Work out an estimate for the total number of ponies in the forest

Relevant Equations

N/A

My question; Which branch of maths is this?
Also, can you give me a clue as to where to start regards solving this. Just a hint please, not a full explanation.

I'm struggling to even guess at this one. I did think, '60 ponies, 5 of which are tagged, so, 5/60 tagged, which is 1/12
1/12 of the 60 are tagged...
How does this relate to the initial number of 42 caught, and tagged, then released..?
Of the intial 42 caught, 100% were tagged...
Why did he only catch 42 in July, but caught 60 in August?

If only 5 of the 60 ponies were tagged that means 55 weren't. If 55 weren't, then none of those 55 belong to the first lot of 42 that were caught and tagged. So there is AT LEAST 97 ponies in the forest (?).

Q. They've asked for an estimate for the total number of ponies in the forest; do they want us to include any the 60 that Wyatt has caught at the time of asking, and hasn't released yet?

 

[haruspex]

1/12 of the 60 are tagged...

If you catch 100 and find 30 have black manes, the rest brown manes, what would you guess about the proportion of black manes in the whole population?

 

[FactChecker]

1/12 of the 60 are tagged...
How does this relate to the initial number of 42 caught, and tagged, then released..?
Of the intial 42 caught, 100% were tagged...
Why did he only catch 42 in July, but caught 60 in August?

Suppose you compare these two ratios:
(5 of second sample tagged)/(60 total in second sample) = 1/12
versus
(42 of entire population tagged)/(??? total in entire population)

How would you expect those ratios to compare? first greater? equal? second greater?
From that, can you estimate (??? total in entire population)

PS. This type of question is in the basic field of probability. Advanced examples are in the field of sampling theory.

 

[PeroK]

Homework Statement: Wyatt wants to work out an estimate for the total number of wild ponies in a forest

In July, Wyatt catches 42 ponies in the forest
He puts a tag on each of these ponies and releases them

In August, Wyatt catches 60 ponies in the forest
He finds that 5 of the 60 ponies are tagged

Work out an estimate for the total number of ponies in the forest
Relevant Equations: N/A

My question; Which branch of maths is this?
Also, can you give me a clue as to where to start regards solving this. Just a hint please, not a full explanation.

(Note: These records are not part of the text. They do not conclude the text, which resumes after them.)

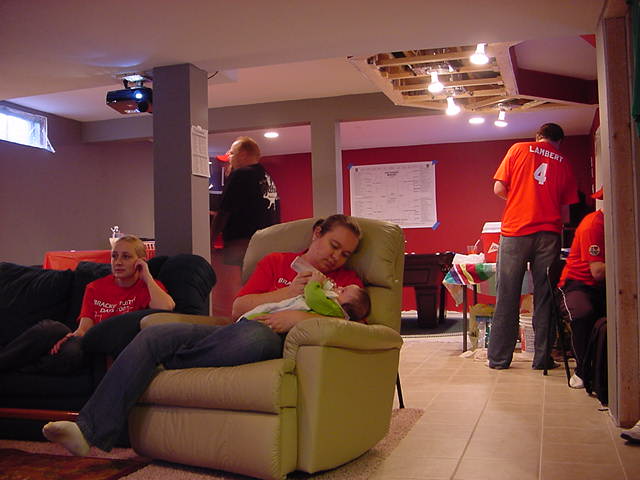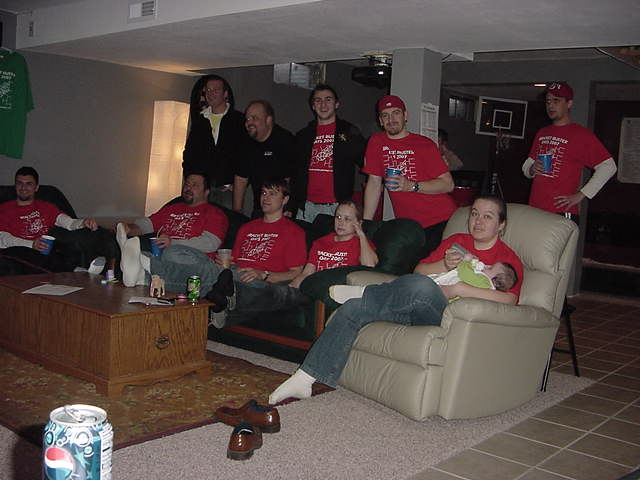 After months of preparation and remodeling Brandon Pickett finally successfully celebrated "Bracket Buster Days" at his home on Lindale Street in Ashwaubenon. The celebration which had been planned since last years March Madness began with a remodeling project which would occupy Brandon's time for most of the winter. Pickett transformed his basement which had minor improvements made by the former owner, to a delightful plush rec room capable of entertaining the most critical of guests.
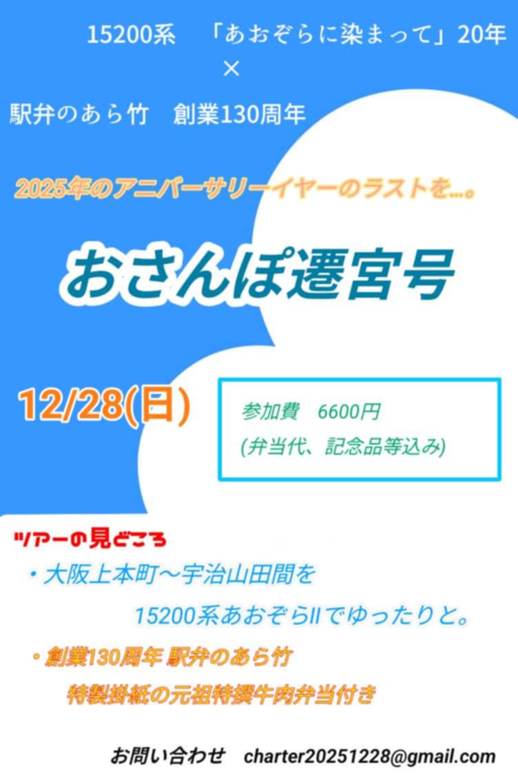 ☆12月28日(日) 近鉄あおぞらU「おさんぽ遷宮号」に特別掛け紙付き元祖特撰牛肉弁当で参画!!
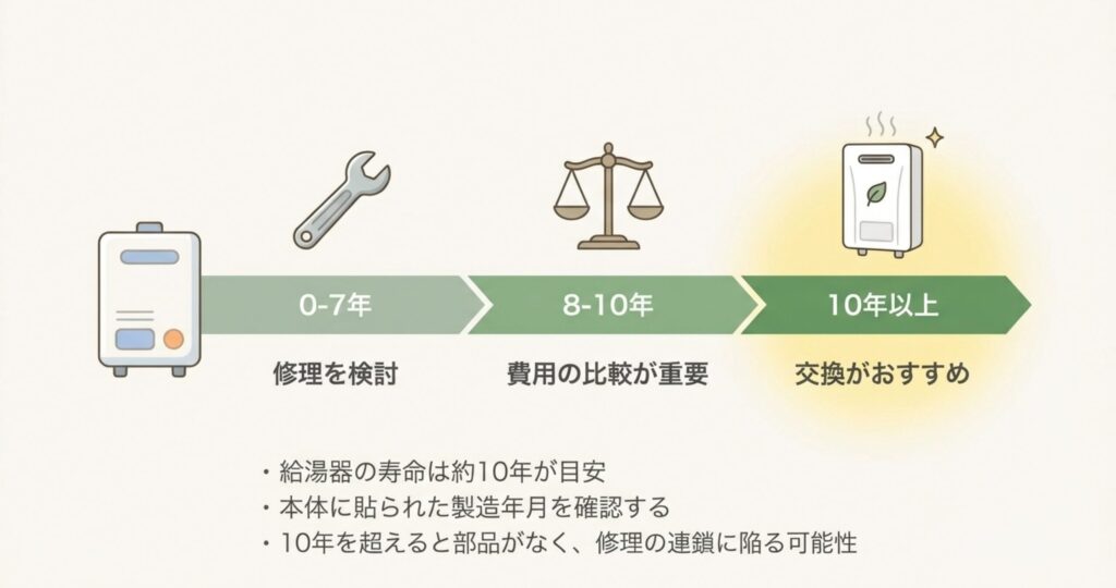 一般的に、給湯器の寿命はだいたい10年と言われています。本体に貼ってあるシールを見て、製造から何年経っているかチェックしてみてください。もし10年を超えているなら、私は迷わず「交換」をおすすめします。
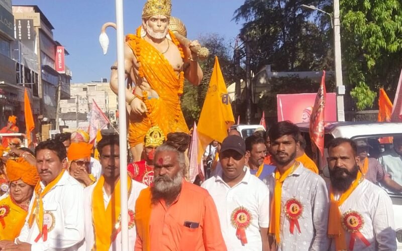 हनुमान जन्मोत्सव की पूर्व संध्या पर धूमधाम से निकली बजरंग सेना मेवाड़ की शोभायात्रा
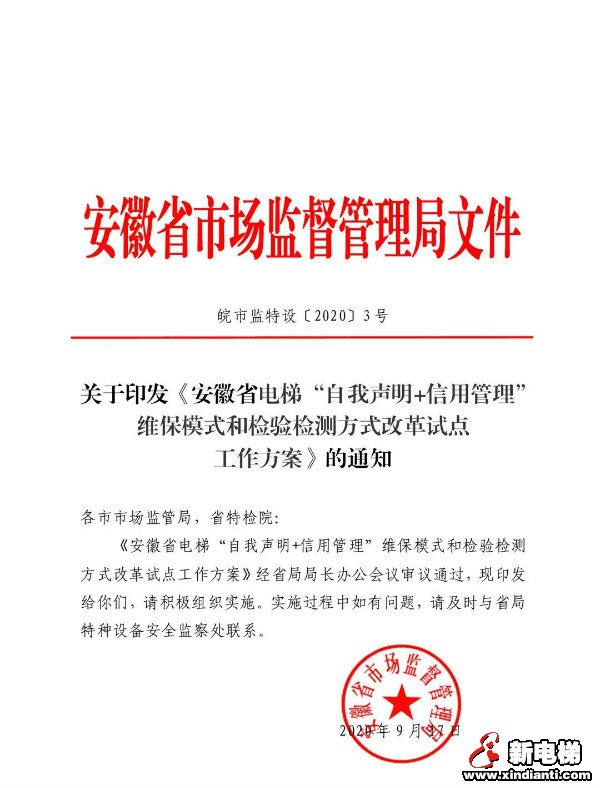 安徽省發(fā)布電梯“自我聲明+信用管理”維保模式和檢驗檢測方式改革試點工作方案,方案指出,調(diào)整試點電梯檢驗檢測周期新安裝電梯監(jiān)督檢驗后6年 以內(nèi),每3年檢驗1次,在不實施檢驗的年份每年檢測1次;15年以內(nèi)的電梯,每2年檢驗1次,試點開展按需維保的電梯使用單位及維保單位,具備條件 的電梯使用、維保單位檢測本單位所管理、維保的電梯,不得檢 測非本單位管理、維保的電梯。
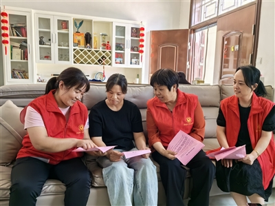 在西平县盆尧镇陈老庄村,陈春荣(右二)带领公益红娘到村民家中宣传移风易俗。受访者供图
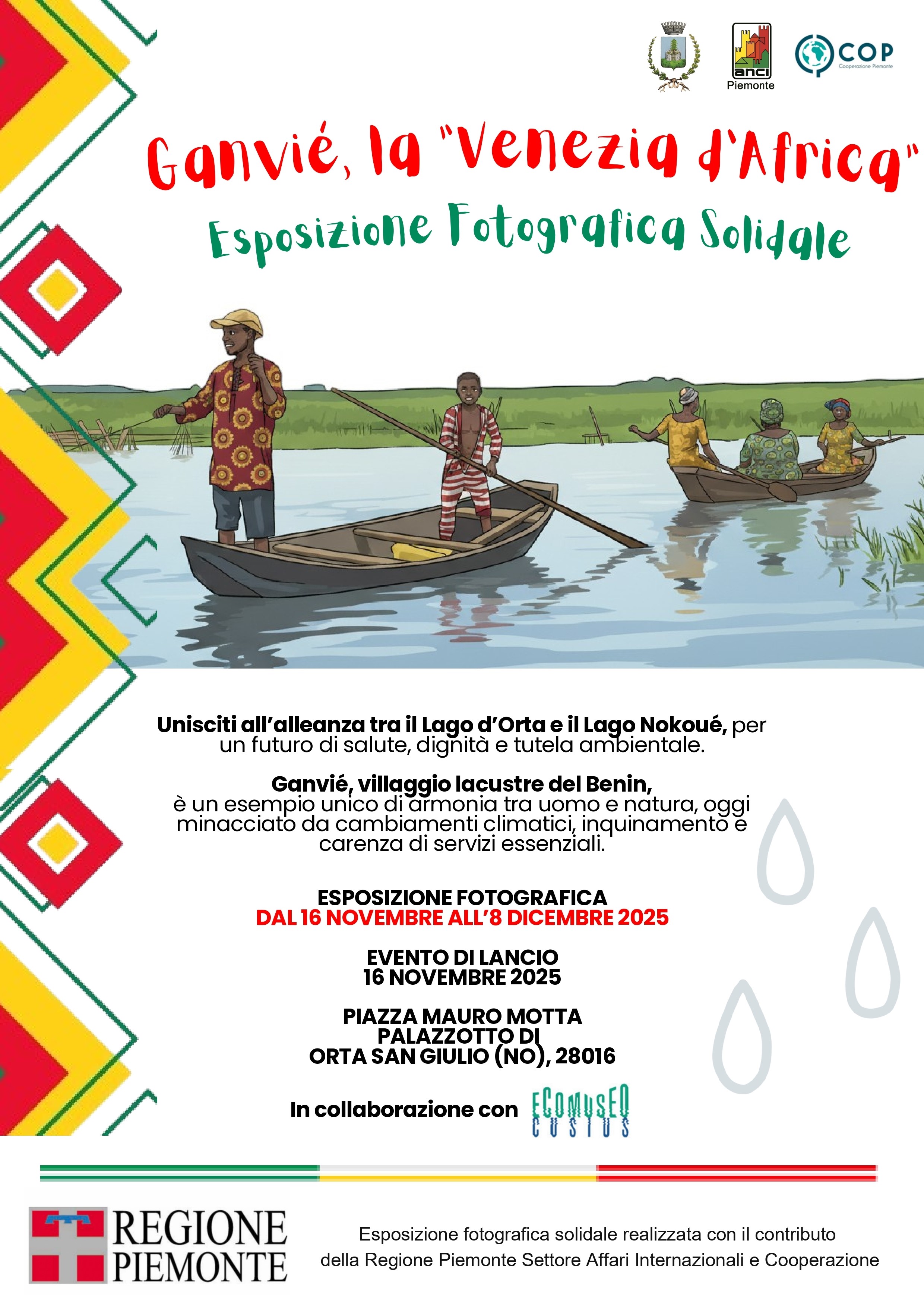 L’esposizione che sarà inaugurata il prossimo 16 novembre intende valorizzare la collaborazione avviata tra il Comune di Orta San Giulio e quello di So-Ava in Benin, trasformando l’incontro tra il Lago d’Orta e il Lago Nokoué in un simbolo di solidarietà ambientale. Con la sua storia straordinaria, il bacino novarese costituisce un modello di rinascita ambientale unico al mondo e si candida ora ad assumere il ruolo di “padrino” nei confronti del lago africano, una risorsa vitale per milioni di persone e per l’intero ecosistema, dove sorge il meraviglioso villaggio palafitticolo di Ganvié, ribattezzato la “Venezia d’Africa”.

I'm struggling to even guess at this one. I did think, '60 ponies, 5 of which are tagged, so, 5/60 tagged, which is 1/12
1/12 of the 60 are tagged...
How does this relate to the initial number of 42 caught, and tagged, then released..?
Of the intial 42 caught, 100% were tagged...
Why did he only catch 42 in July, but caught 60 in August?

If only 5 of the 60 ponies were tagged that means 55 weren't. If 55 weren't, then none of those 55 belong to the first lot of 42 that were caught and tagged. So there is AT LEAST 97 ponies in the forest (?).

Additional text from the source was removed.